Untuk mengurangi tekanan terhadap potensi dampak negatif yang ditimbulkan oleh tekanan daya dukung lahan permukiman, perkantoran, dan lain sebagainya, maka pilihan alternatif secara sangat sederhana adalah dengan cara memindahkan penduduk, bahkan pemindahan kota administratif ibukota negara ke provinsi yang mempunyai tingkat kepadatan penduduk tergolong jarang.
Lokasi provinsi yang mempunyai tingkat kepadatan penduduk terjarang adalah Provinsi Papua dengan kepadatan 6 orang per kilometer persegi pada tahun 2023.
Kemudian Provinsi Kalimantan Tengah, atau Kalimantan Timur yang masing-masing mempunyai tingkat kepadatan penduduk serba sama sebesar 12 orang per kilometer persegi.
Provinsi Papua berada di wilayah Indonesia Timur, paling ujung.

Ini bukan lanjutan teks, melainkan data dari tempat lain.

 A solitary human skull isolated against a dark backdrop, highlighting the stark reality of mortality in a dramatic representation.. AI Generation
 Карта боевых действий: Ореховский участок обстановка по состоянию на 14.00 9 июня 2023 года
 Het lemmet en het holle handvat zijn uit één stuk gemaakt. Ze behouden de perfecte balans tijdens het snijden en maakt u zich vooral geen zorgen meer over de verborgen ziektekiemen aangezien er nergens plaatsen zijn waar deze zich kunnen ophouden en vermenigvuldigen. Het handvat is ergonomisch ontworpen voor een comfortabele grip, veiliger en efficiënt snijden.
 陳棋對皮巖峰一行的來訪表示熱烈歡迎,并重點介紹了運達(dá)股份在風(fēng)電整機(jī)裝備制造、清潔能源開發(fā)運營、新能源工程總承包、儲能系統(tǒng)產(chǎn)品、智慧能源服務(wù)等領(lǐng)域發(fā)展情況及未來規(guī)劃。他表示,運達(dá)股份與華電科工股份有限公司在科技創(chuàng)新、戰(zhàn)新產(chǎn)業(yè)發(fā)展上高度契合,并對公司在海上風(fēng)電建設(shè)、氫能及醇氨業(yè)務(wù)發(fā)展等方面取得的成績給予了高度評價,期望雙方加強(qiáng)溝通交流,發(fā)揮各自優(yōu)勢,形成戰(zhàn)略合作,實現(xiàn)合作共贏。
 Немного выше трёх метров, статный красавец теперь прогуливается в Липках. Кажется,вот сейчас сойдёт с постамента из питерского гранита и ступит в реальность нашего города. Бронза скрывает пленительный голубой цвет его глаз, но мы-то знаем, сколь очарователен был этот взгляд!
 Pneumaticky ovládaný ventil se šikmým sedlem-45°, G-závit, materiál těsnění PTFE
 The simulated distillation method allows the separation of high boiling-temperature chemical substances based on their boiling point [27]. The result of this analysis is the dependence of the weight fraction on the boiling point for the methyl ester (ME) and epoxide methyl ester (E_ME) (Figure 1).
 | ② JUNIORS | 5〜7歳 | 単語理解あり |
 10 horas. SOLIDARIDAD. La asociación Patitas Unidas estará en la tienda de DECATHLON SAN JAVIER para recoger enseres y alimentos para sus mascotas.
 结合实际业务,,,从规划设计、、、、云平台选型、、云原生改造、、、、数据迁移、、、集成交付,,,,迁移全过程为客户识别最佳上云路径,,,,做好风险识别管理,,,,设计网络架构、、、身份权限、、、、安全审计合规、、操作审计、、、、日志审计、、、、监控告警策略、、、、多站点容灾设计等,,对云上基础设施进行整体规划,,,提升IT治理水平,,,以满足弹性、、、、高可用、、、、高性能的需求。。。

Oleh karena itu ditinjau dari kepadatan penduduk yang paling jarang dan terdapat keseimbangan lokasi geografis, maka provinsi yang terpilih adalah Kalimantan Tengah atau Kalimantan Timur.

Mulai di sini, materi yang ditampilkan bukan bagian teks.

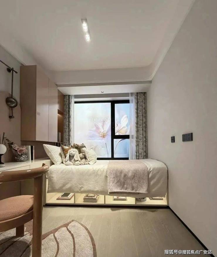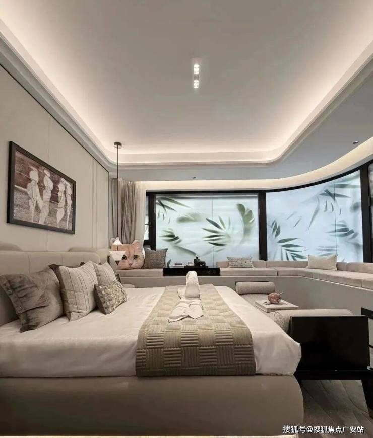 主卧和约99平户型一样,衣柜更大形成衣帽空间,还交付有半开放式、类似于酒店的迷你吧设计: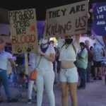 Durante la caminata gritaban consignas en contra de las autoridades, además que llevaron pancartas en inglés y en español haciendo referencia al maltrato y la violencia contra las mujeres.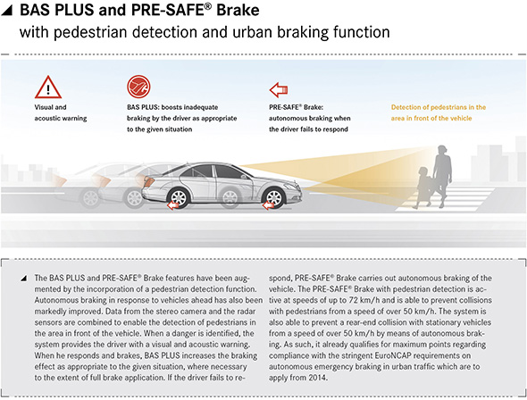 Pedestrian detection has been added to the BAS PLUS and PRE-SAFE® Brake functions, while autonomous braking for vehicles in front has undergone a major advance, too.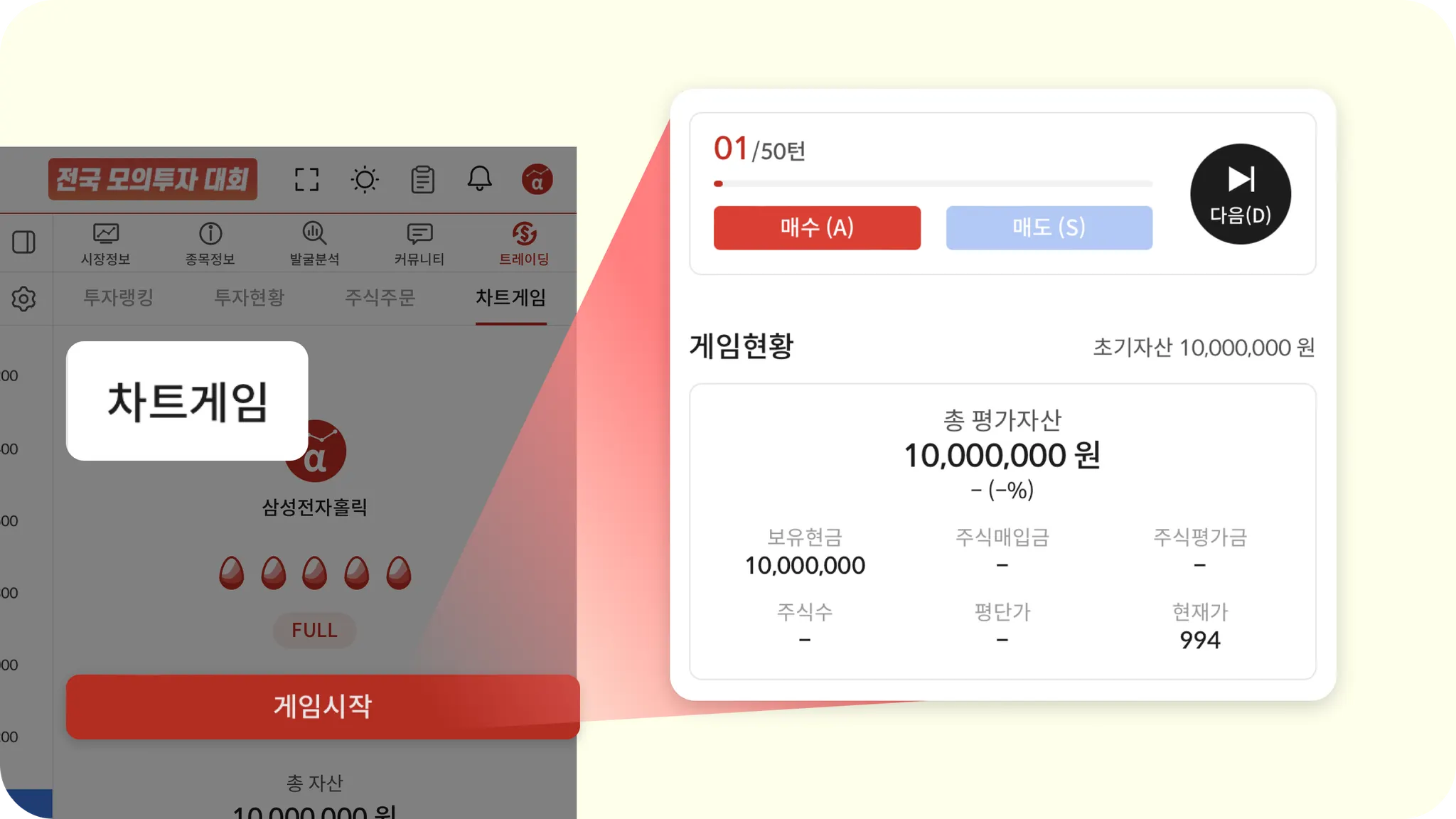 트레이딩 메뉴의 4번째 기능으로 ‘차트게임’이 새로 생겼습니다. 차트게임은 실제 과거…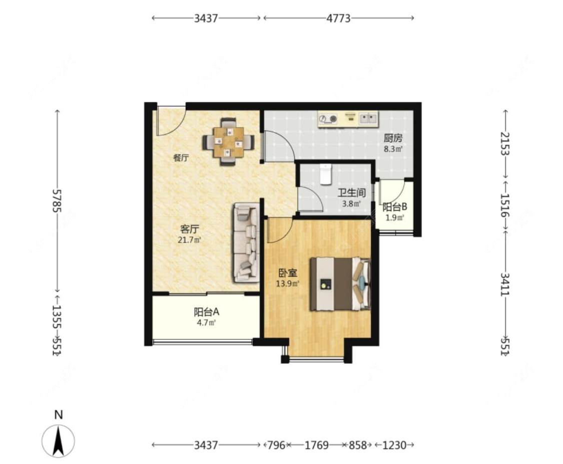 1室2厅1卫 | 73.77㎡ | 南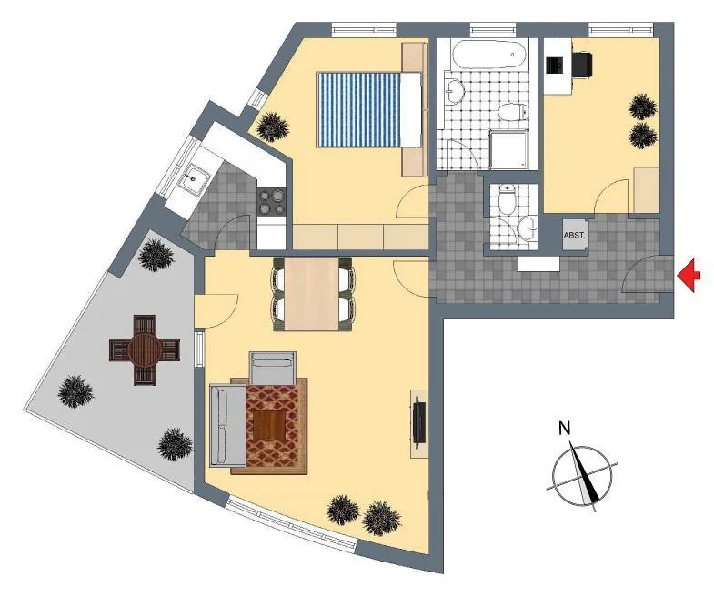 Der Grundriss der Wohnung ist sehr gut. Bis auf die Küche sind alle Räume direkt vom Flur begehbar. Das Badezimmer verfügt über ein Fenster. Ein zweites WC ist separat.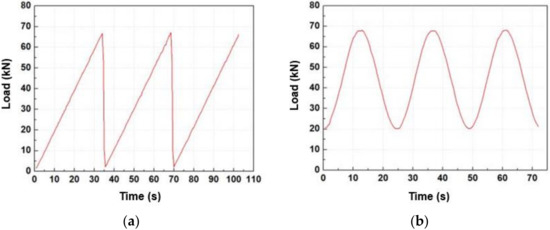 The load was applied to the top surface of the rail through the wheel-shaped jig installed in the actuator. The loading test was performed by inputting static and dynamic loads, and the load and displacement measurement data acquired by the actuator sensor were collected remotely using a tablet PC. The maximum load was tested in the range of 1–68 kN considering the capacity of actuator and the Korean standard of the rail fastening system performance test (KRS TR 0014-15 (R)) [11]. The load waveform measured was shown in Figure 17 [2]. Load values in the 0–90 kN range could be applied. Accordingly, a 68-kN load was considered in this study based on KRS. The applied dynamic load was coupled with a positive load measuring at least 20 kN. Figure 18b describes the load–displacement result obtained for 5-Hz loading frequency, whereas Figure 17b describes a sinusoidal loading trend.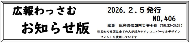 その他のお知らせ(広報わっさむ お知らせ版 令和8年2月5日号) 2026.2.5発行 NO.406 編集:総務課情報防災安全係 【電話】32-2421 ※お知らせ版は全ての人が読みやすいユニバーサルデザインフォントを使用しています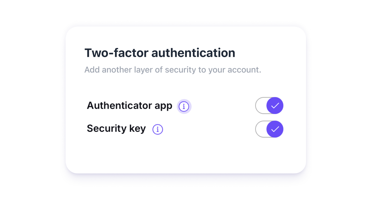 Позаботьтесь о безопасности своего аккаунта Proton. Вы можете установить вход с двухфакторной аутентификацией и подтверждать личность с помощью аппаратных ключей. Мы поддерживаем YubiKey и другие типы ключей U2F/FIDO2.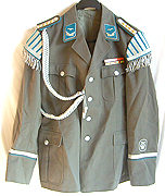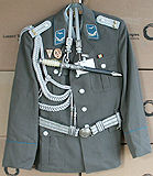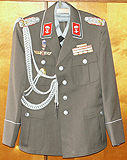 Uniformjacke eines Oberfähnrich aus dem Stabsmusikkorps der Landstreitkräfte. Schwalbennester ohne Fransen wurden von den Spielmannszügen bzw. Standortmusikkorps getragen. |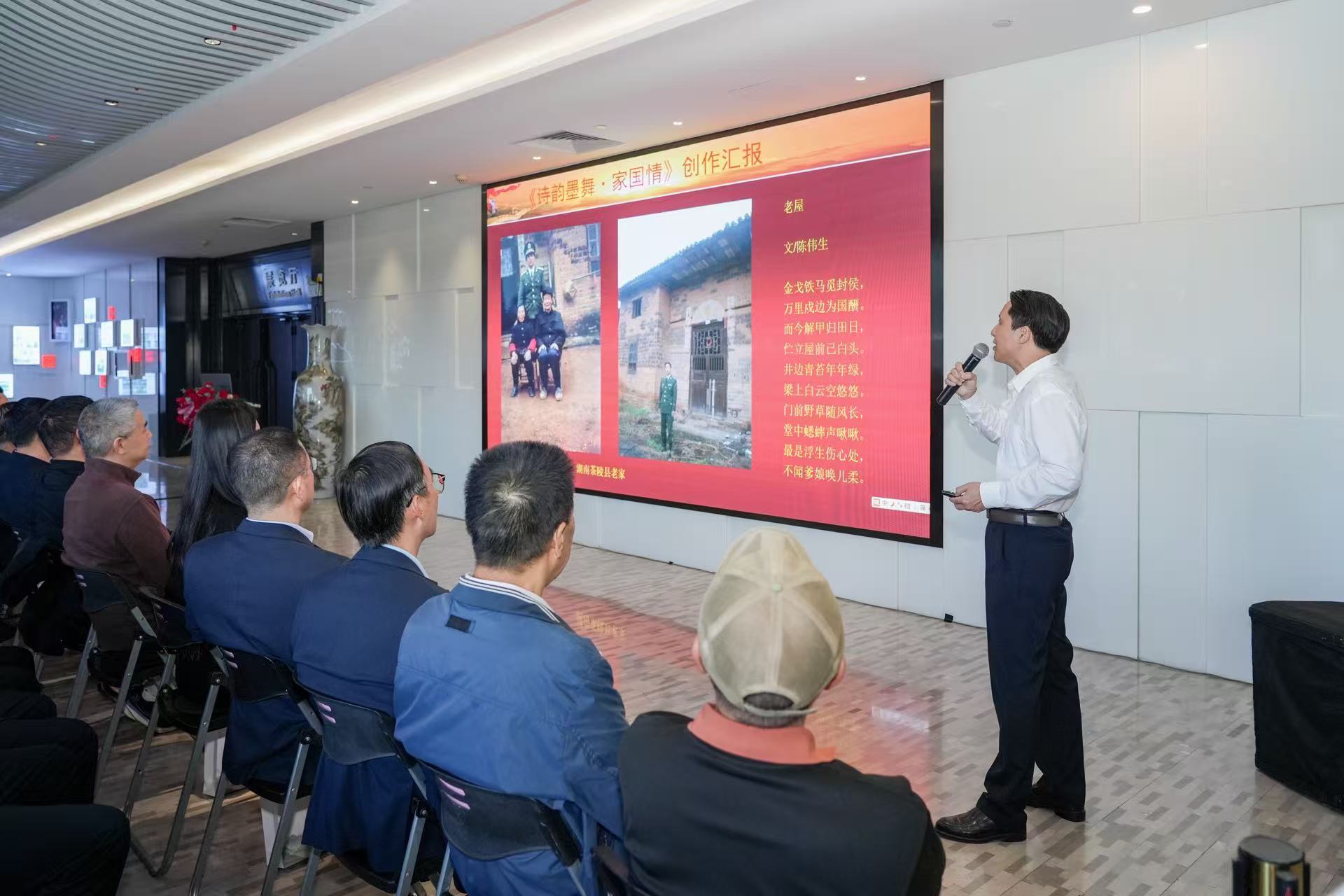 开幕式上,陈伟生从“完成一个父辈的夙愿”、“赓续一份家国情怀”、“挺膺一份责任担当”、“践行一个行动誓言”四个方面,激情阐述了《诗韵墨舞·家国情》的创作历程,并现场通过PPT展示了其创作的诗词与书法作品。其情感真挚,诗书合璧,作品精美典雅。

Kemudian ditinjau dari provinsi yang mempunyai pelabuhan laut untuk kemudahan kegiatan ekspor dan impor menggunakan armada kapal laut, maka dapat dimengerti apabila pilihan lokasi ibukota yang baru adalah di Provinsi Kalimantan Timur.

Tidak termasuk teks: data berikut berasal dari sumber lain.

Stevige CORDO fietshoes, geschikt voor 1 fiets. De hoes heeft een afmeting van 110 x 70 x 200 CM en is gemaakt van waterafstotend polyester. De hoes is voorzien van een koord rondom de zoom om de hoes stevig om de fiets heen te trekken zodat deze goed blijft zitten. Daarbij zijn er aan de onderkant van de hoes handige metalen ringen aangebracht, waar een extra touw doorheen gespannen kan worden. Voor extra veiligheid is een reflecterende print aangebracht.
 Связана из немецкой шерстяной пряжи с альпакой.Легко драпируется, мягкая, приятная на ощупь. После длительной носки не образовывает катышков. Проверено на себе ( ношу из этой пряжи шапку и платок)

Sebenarnya dari lubuk hati yang paling dalam, kepindahan ibukota negara ke Nusantara sulit disangkal, selain yang dipersoalkan adalah mengapa sekarang, apa memulai pembangunan ibukota negara tidak dapat senantiasa ditunda-tunda sepanjang masa ke dasawarsa-dasawarsa berikutnya.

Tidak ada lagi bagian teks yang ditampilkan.